AdamW Optimizer¶
Formula¶
\[
\theta_{t+1}=\theta_t-\eta \frac{\hat m_t}{\sqrt{\hat v_t}+\epsilon}-\eta\lambda\theta_t
\]
Parameters¶
- \(\theta_t\): parameters
- \(\hat m_t,\hat v_t\): Adam moment estimates
- \(\eta\): learning rate
- \(\lambda\): weight decay coefficient
What it means¶
AdamW applies decoupled weight decay, separating parameter shrinkage from the gradient-based Adam update.
What it's used for¶
- Modern training of Transformers and large neural networks.
- Better control of regularization than L2-inside-Adam.
Key properties¶
- Decoupled weight decay behaves differently from adding \(\lambda\|\theta\|^2\) to the loss under Adam.
- Usually preferred over vanilla Adam for deep learning.
Common gotchas¶
- Excluding biases/norm parameters from weight decay is common but implementation-specific.
- "weight_decay" flags in libraries may not all behave identically.
Example¶
A common setup is AdamW with warmup + cosine decay for Transformer training.
How to Compute (Pseudocode)¶
Input: gradients g_t, parameters theta, lr eta, Adam hyperparameters, weight decay lambda, steps T
Output: updated parameters theta
perform the Adam moment updates and bias correction
for each parameter element:
theta <- theta - eta * adam_update(theta, g_t)

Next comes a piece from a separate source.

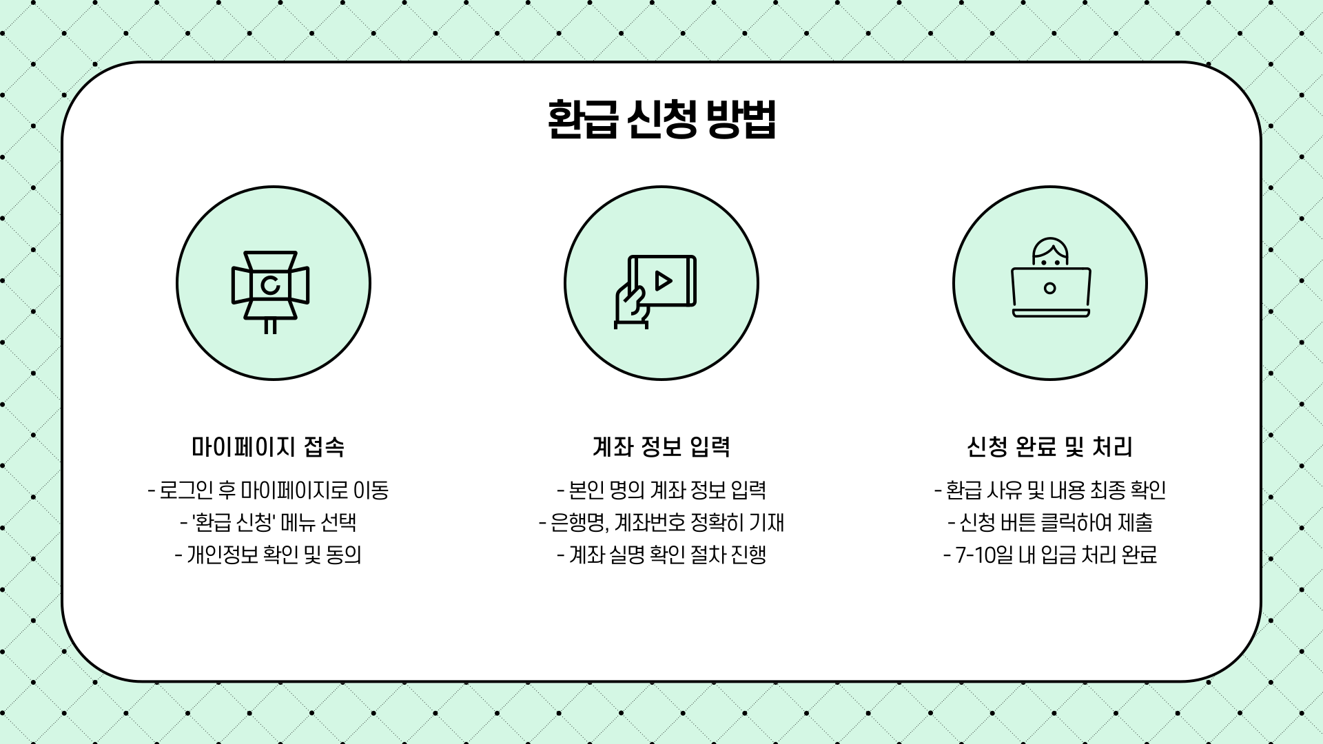 - [마이페이지] → [환급 신청] 메뉴 이동

theta <- theta - eta * lambda * theta # decoupled weight decay
return theta
Complexity¶
- Time: \(O(Tp)\) elementwise optimizer-state updates once gradients are available (plus gradient computation cost)
- Space: \(O(p)\) additional Adam moment buffers, similar to Adam
- Assumptions: \(p\) parameters; decoupled decay shown conceptually (implementations may fuse the operations)